▶ [Work instruction]:
For the material that follows, return exactly the lines from the one with "- La batterie" through the one with "Obtendras un certificado", both ends included.

*** Material shown Section Begins ***

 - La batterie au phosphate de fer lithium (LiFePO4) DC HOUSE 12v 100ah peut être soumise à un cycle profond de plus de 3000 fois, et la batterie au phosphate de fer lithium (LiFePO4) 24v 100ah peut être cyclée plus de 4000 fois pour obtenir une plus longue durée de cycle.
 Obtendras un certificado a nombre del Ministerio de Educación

*** Material shown Section Ends ***
*** Material shown Section Begins ***

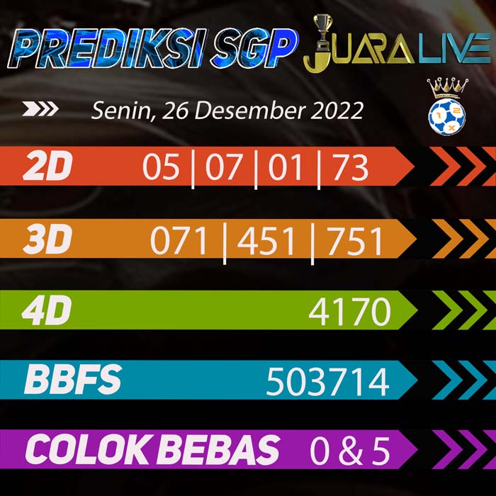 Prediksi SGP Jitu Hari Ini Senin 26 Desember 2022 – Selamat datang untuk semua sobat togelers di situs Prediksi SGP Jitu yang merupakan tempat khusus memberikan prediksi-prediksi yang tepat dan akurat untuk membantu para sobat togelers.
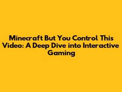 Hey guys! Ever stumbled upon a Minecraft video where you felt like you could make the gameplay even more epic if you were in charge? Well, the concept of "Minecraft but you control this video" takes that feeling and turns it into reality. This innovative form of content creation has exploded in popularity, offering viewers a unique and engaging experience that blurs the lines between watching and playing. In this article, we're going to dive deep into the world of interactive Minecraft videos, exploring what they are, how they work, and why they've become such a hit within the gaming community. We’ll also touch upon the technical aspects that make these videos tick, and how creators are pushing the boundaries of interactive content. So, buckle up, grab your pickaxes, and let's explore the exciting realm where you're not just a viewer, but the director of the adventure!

*** Material shown Section Ends ***

▶ [Expected answer]:
 - La batterie au phosphate de fer lithium (LiFePO4) DC HOUSE 12v 100ah peut être soumise à un cycle profond de plus de 3000 fois, et la batterie au phosphate de fer lithium (LiFePO4) 24v 100ah peut être cyclée plus de 4000 fois pour obtenir une plus longue durée de cycle.
 Obtendras un certificado a nombre del Ministerio de Educación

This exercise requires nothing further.